**DATA RECORDS:**

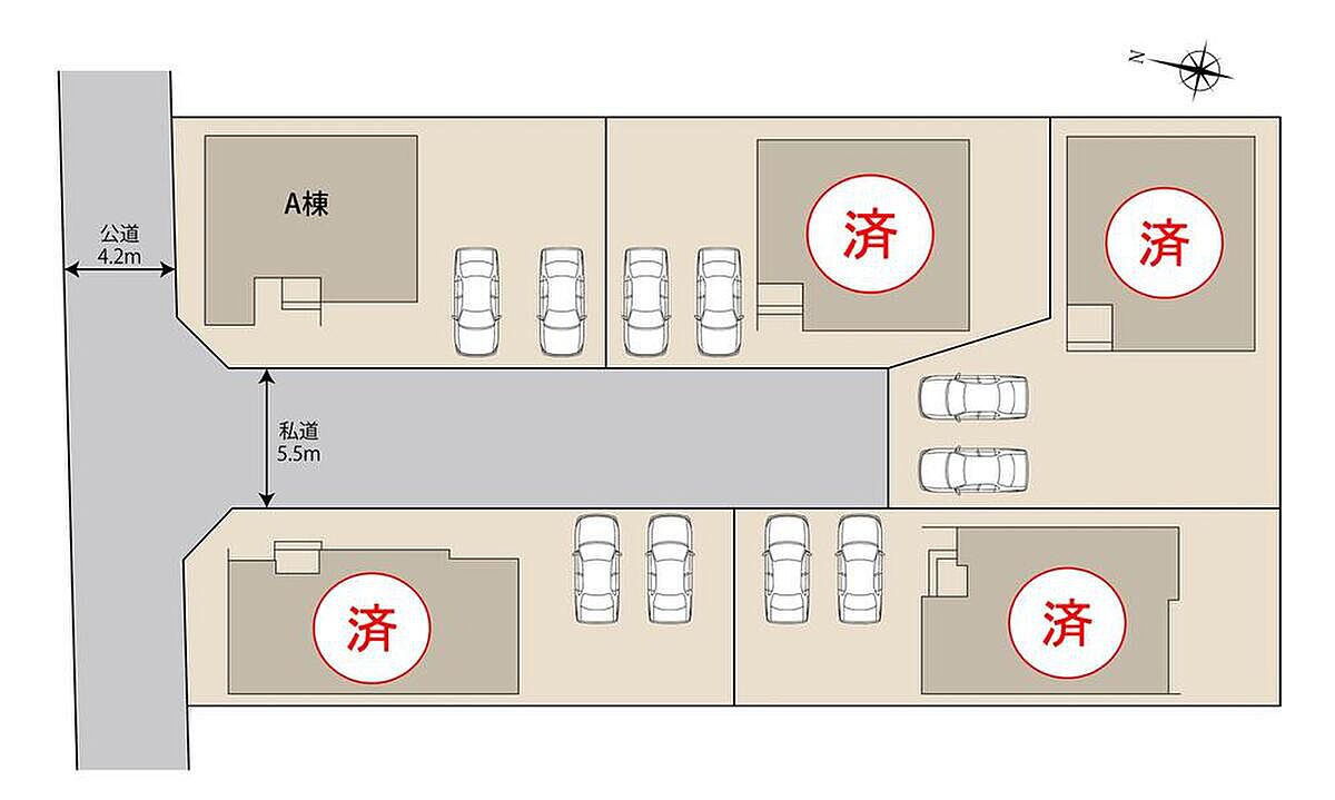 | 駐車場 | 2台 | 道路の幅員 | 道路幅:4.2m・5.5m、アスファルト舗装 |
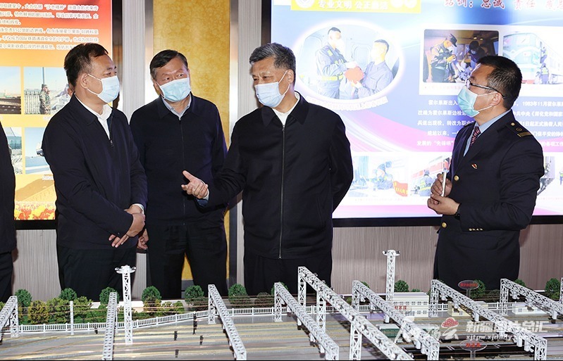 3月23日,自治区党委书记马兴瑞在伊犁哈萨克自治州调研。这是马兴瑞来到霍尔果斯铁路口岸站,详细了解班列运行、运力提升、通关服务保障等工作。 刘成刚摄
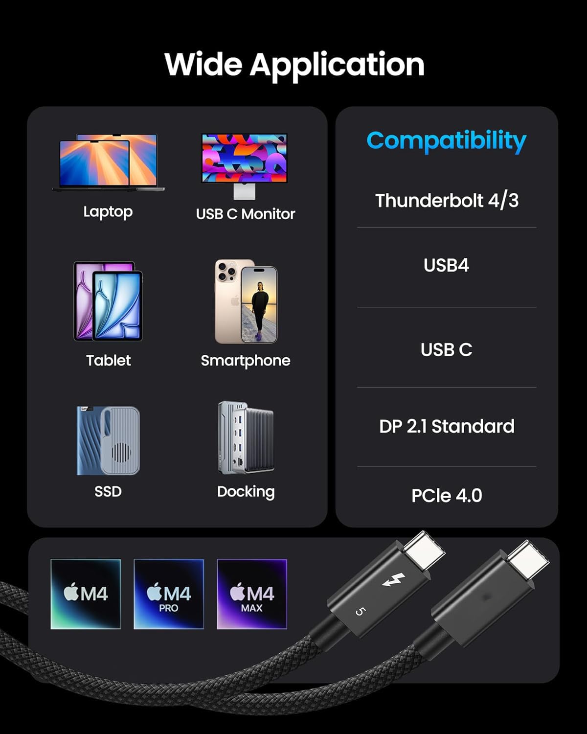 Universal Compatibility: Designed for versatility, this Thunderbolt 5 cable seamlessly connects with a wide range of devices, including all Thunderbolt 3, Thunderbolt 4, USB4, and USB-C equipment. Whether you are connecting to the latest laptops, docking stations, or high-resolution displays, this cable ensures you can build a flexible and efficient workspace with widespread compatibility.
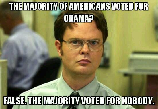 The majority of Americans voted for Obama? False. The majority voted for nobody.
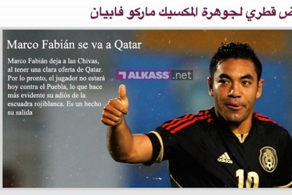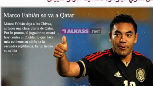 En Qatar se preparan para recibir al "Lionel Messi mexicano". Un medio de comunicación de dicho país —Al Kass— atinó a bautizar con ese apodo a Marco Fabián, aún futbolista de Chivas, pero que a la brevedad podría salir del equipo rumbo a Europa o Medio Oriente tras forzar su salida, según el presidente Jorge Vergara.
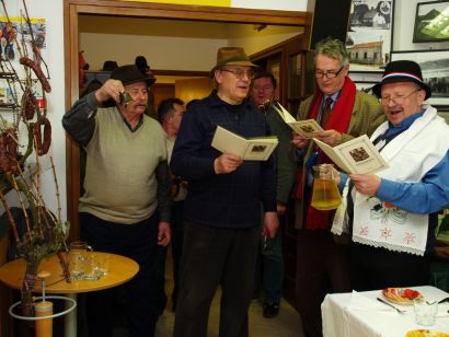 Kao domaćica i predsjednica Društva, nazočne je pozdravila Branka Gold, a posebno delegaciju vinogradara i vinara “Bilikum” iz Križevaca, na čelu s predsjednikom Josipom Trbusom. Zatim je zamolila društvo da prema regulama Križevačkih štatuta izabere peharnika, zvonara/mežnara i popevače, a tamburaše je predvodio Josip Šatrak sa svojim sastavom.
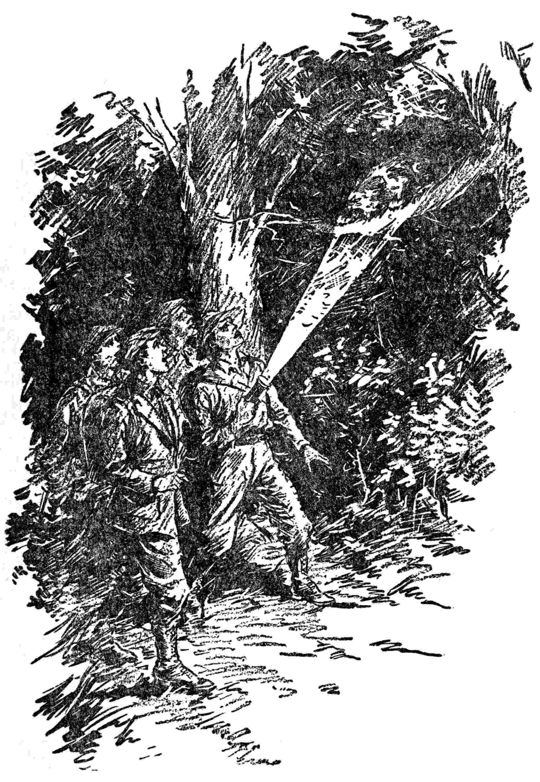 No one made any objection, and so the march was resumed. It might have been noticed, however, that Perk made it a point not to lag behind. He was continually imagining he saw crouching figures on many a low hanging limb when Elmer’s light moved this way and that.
...
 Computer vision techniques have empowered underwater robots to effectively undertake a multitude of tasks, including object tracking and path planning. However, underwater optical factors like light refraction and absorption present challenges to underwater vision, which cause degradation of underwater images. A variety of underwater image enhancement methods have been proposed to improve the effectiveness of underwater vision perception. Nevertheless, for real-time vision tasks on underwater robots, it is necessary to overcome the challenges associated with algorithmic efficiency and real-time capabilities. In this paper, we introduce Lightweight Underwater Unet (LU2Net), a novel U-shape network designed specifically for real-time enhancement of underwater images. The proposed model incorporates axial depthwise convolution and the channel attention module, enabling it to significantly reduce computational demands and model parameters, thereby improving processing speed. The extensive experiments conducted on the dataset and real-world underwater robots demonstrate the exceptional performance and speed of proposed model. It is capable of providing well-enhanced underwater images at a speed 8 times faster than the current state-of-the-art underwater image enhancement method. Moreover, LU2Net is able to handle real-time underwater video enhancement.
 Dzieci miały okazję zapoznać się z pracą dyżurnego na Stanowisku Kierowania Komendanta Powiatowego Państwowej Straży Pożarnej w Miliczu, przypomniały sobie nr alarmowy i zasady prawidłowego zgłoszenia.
* * *
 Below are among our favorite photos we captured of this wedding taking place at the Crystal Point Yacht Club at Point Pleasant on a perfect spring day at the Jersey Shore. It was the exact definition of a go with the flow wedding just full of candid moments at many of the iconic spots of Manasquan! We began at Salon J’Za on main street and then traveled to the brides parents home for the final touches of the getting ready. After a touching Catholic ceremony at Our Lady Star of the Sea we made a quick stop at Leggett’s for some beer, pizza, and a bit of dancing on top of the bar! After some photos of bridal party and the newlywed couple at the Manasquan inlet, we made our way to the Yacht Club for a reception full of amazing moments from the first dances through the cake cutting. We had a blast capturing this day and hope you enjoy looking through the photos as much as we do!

**ACTION ITEM:** Would you give again, exactly, the lines in the data above that run from the line containing "En Qatar se" to the line containing "No one made"? Include both ends and no pictures.

**EXPECTED OUTPUT:**
 En Qatar se preparan para recibir al "Lionel Messi mexicano". Un medio de comunicación de dicho país —Al Kass— atinó a bautizar con ese apodo a Marco Fabián, aún futbolista de Chivas, pero que a la brevedad podría salir del equipo rumbo a Europa o Medio Oriente tras forzar su salida, según el presidente Jorge Vergara.
 Kao domaćica i predsjednica Društva, nazočne je pozdravila Branka Gold, a posebno delegaciju vinogradara i vinara “Bilikum” iz Križevaca, na čelu s predsjednikom Josipom Trbusom. Zatim je zamolila društvo da prema regulama Križevačkih štatuta izabere peharnika, zvonara/mežnara i popevače, a tamburaše je predvodio Josip Šatrak sa svojim sastavom.
 No one made any objection, and so the march was resumed. It might have been noticed, however, that Perk made it a point not to lag behind. He was continually imagining he saw crouching figures on many a low hanging limb when Elmer’s light moved this way and that.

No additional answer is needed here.